Start of Material for the task

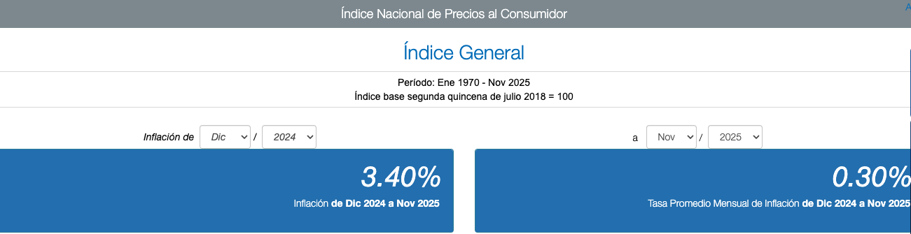 Inflación al mes de NOVIEMBRE 2025 es de 3.40%, INPC 142.645, DOF 10/12/2025.
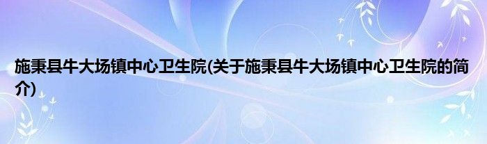 大家好,施秉县牛大场镇中心卫生院,关于施秉县牛大场镇中心卫生院的简介很多人还不知道,现在让我们一起来看看吧!
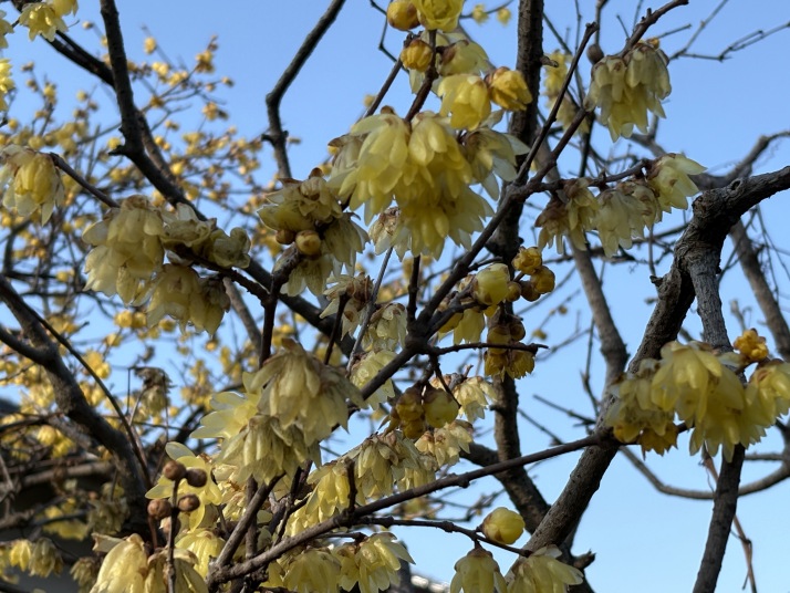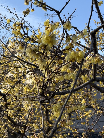 2.14 散歩deカシヤ 透明感のある淡い黄色、梅かなと思いきや、よく見ると違うみたい。4380歩 (蝋梅でした)
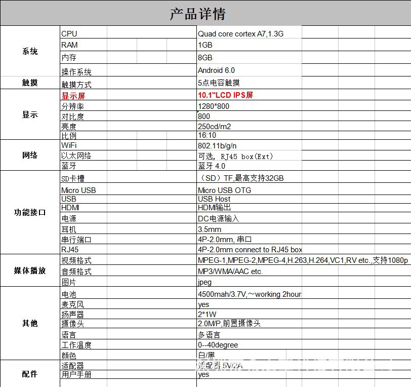 规格参数
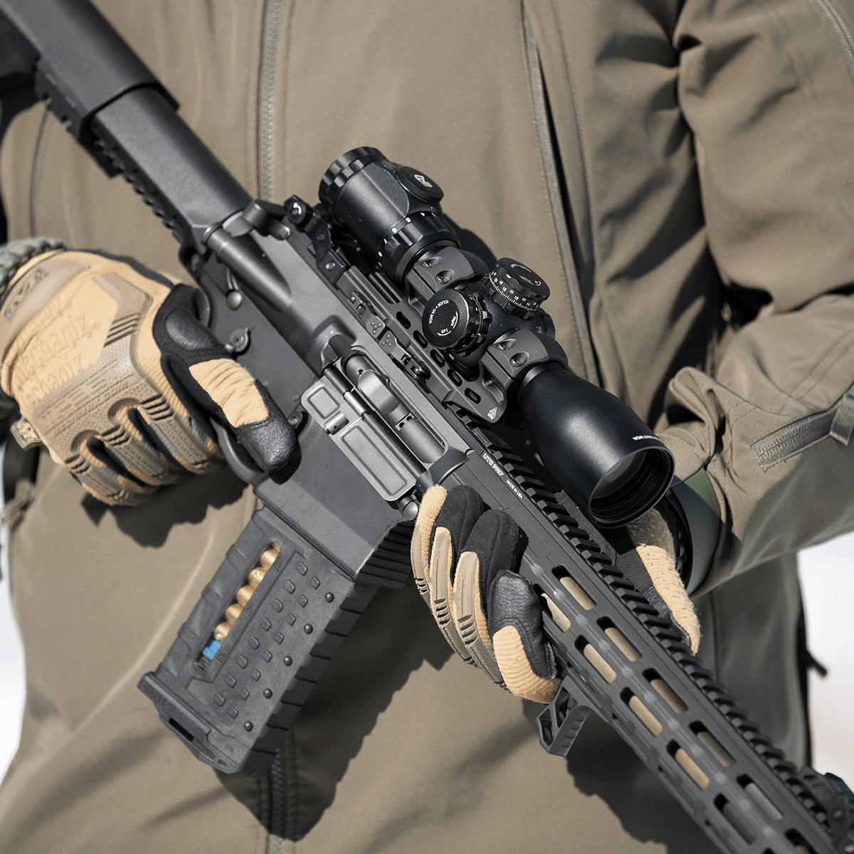 Додаткову стабільність забезпечують стопори віддачі, які запобігають зміщенню прицілу навіть при інтенсивному використанні. Конструкція виготовлена з алюмінію та має полегшувальні вирізи, завдяки чому зберігає високу міцність, але залишається легкою, що мінімізує додаткове навантаження на зброю.
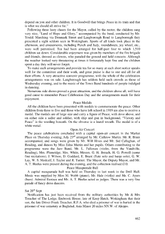 good cause to remember Peace Celebration Day and the arrangements made for their
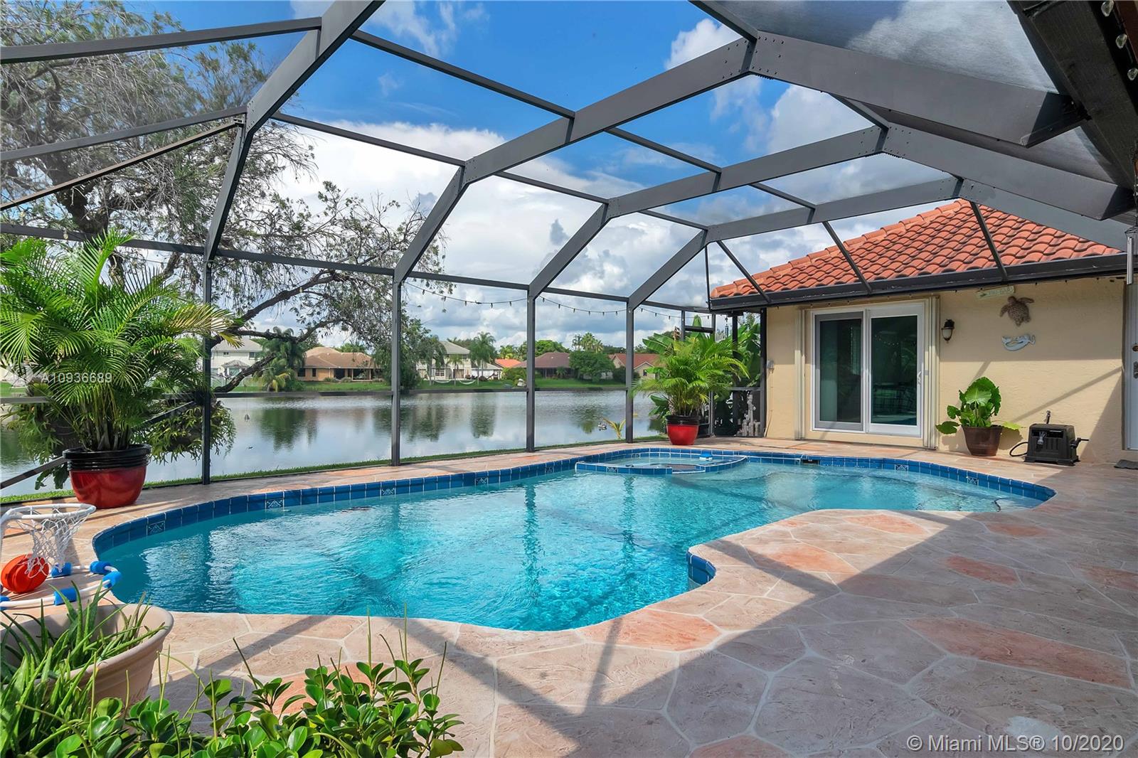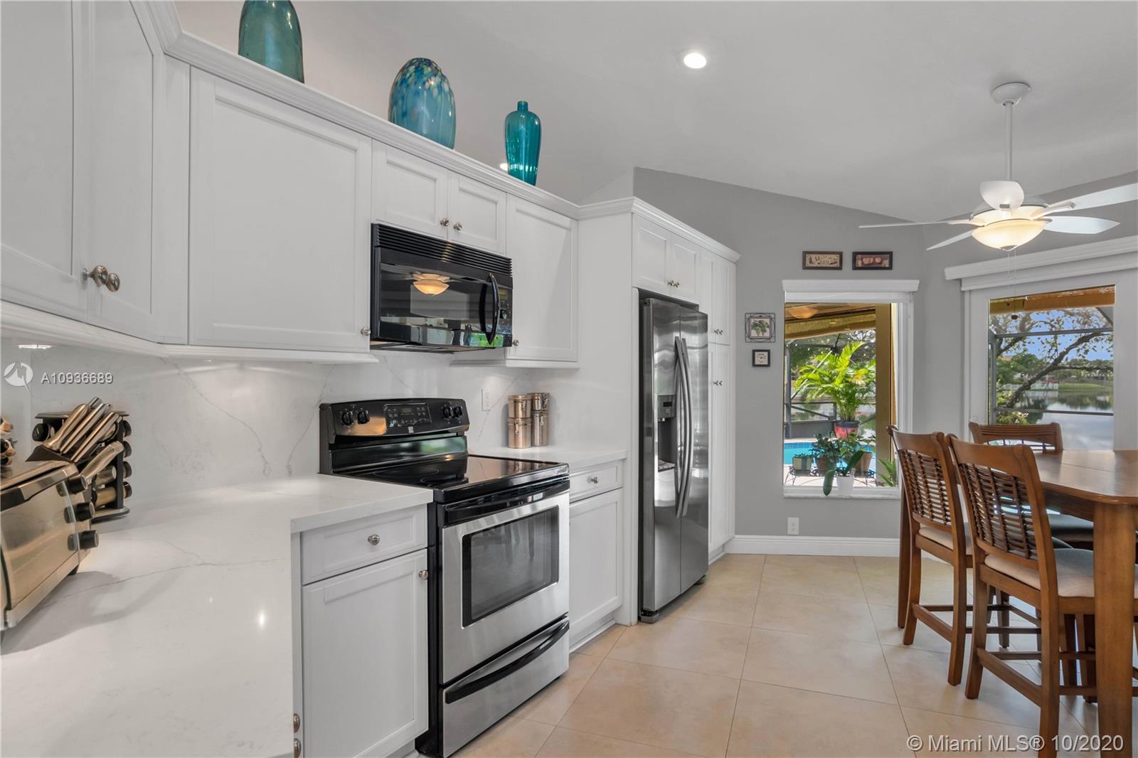 This immaculate one-story home is on a lake-front lot, in the highly desirable community of Shenandoah. Completely updated - new roof in 2018, new water heater, newer central A/C, gorgeous quartz countertops, custom cabinetry & newer stainless-steel appliances in kitchen, LED lighting, entire home is PGT Certified Hurricane Impact - including garage door. Great sized pool with new water pump, large 24x24 tile & wood laminate flooring. Master bedroom is separated from the other rooms for privacy, his & hers walk-in closets, larger bathroom with shower & tub. Spacious living areas that can be used in a variety of ways. This home has a 2 car garage with a full-sized laundry room, and comes professionally landscaped. 3D VIRTUAL TOUR AVAILABLE.

End of Material for the task

▶ [Goal of the exercise]: Leave out the pictures and return, exactly as written, only the lines from the line with "good cause to" through the end of the records above.

▶ [Answer to this task]:
 good cause to remember Peace Celebration Day and the arrangements made for their
 This immaculate one-story home is on a lake-front lot, in the highly desirable community of Shenandoah. Completely updated - new roof in 2018, new water heater, newer central A/C, gorgeous quartz countertops, custom cabinetry & newer stainless-steel appliances in kitchen, LED lighting, entire home is PGT Certified Hurricane Impact - including garage door. Great sized pool with new water pump, large 24x24 tile & wood laminate flooring. Master bedroom is separated from the other rooms for privacy, his & hers walk-in closets, larger bathroom with shower & tub. Spacious living areas that can be used in a variety of ways. This home has a 2 car garage with a full-sized laundry room, and comes professionally landscaped. 3D VIRTUAL TOUR AVAILABLE.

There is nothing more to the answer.